Asian shares tumbled Monday after the latest escalation in the US-China trade war renewed uncertainties about global economies, as well as questions over what President Donald Trump might say next.
Japan's benchmark Nikkei 225 started plummeting as soon as trading began and stood at 20,234.87 in the morning session, down 2.3 percent. Australia's S&P/ASX 200 slipped 1.5 percent to 6,427.20. South Korea's Kospi lost 1.7 percent to 1,916.14. Hong Kong's Hang Seng dropped 3.3 percent to 25,309.37, while the Shanghai Composite was down 1.2 percent at 2,862.87.
Stephen Innes, managing partner at Valour Markets in Singapore, compared the difficulty of assessing the volatile market situation to reading tea leaves.
"Nobody understands where the president is coming from," he said, adding that the best thing Trump can do for market stability is to "keep quiet."
"The problem that we're faced right now is that we are making a lot of assumptions ahead of the economic realities."
The market is now dominated by fears of a portending U.S. recession, although the American economy is actually holding up, and much of the US economy is made up of consumption, Innes said. If interest rates come down, he added, consumer spending is likely to go up, working as a buffer for the economy.
"What the market's really waiting for is for them to drop interest rates," Innes said. "Right now, we are still sitting on that uncertainty."
The Dow Jones Industrial Average plunged more than 600 points Friday after the latest escalation in the trade war between the US and China rattled investors. The broad sell-off sent the S&P 500 to its fourth straight weekly loss.
The tumbling began after Trump responded angrily on Twitter following China's announcement of new tariffs on $75 billion in US goods. In one of his tweets he "hereby ordered" US companies with operations in China to consider moving them to other countries — including the US.

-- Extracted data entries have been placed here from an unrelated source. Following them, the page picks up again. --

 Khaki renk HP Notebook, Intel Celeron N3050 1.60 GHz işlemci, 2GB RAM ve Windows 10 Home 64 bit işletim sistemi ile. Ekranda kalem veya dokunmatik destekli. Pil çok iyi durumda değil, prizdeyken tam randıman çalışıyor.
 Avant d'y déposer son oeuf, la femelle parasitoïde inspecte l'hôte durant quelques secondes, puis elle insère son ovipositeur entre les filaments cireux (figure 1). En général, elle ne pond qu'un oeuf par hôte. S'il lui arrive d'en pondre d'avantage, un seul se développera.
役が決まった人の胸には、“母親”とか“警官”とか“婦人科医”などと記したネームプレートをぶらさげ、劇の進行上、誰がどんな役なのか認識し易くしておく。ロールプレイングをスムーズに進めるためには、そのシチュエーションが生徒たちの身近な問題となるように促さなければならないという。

Trump also said he'd respond directly to the tariffs — and after the market closed he delivered, announcing that the US would increase existing tariffs on $250 billion in Chinese goods to 30 percent from 25 percent, and that new tariffs on another $300 billion of imports would be 15 percent instead of 10 percent. Those announcements are likely to influence stock markets in Asia when trading opens there Monday.

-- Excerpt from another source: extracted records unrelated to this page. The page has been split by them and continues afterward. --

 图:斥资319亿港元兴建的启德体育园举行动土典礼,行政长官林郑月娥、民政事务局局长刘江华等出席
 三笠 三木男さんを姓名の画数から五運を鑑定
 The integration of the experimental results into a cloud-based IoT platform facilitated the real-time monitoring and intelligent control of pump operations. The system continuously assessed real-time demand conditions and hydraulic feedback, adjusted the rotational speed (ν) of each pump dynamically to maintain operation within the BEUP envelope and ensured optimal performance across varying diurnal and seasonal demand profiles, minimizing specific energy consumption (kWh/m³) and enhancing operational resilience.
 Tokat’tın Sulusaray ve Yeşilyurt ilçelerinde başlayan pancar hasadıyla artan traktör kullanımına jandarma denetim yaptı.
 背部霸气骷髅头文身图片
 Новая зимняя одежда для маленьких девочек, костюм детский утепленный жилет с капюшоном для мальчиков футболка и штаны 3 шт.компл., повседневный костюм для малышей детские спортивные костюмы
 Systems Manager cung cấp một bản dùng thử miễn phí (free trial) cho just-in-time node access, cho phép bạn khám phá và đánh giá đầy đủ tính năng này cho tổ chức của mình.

The ongoing trade dispute between Washington and Beijing, and especially its unpredictability, is certain to have damaging effects on Asia. The unpredictability affects the real decisions central banks make on fiscal policy and companies make on their strategies and investments, setting off ripples of uncertainty.
Zhu Huani of Mizuho Bank in Singapore said what he called Trump's "tariff tantrum" was setting off "the sense that tariffs could continue to rise," with the "the unpredictability of timing and extent of these trade actions risk accentuating the paralysis of business decisions and big-ticket business spending."
"No matter which way you cut the cake, it is nearly impossible to construct a bullish, or even neutral scenario for equity markets today," said Jeffrey Halley, senior market analyst at Oanda.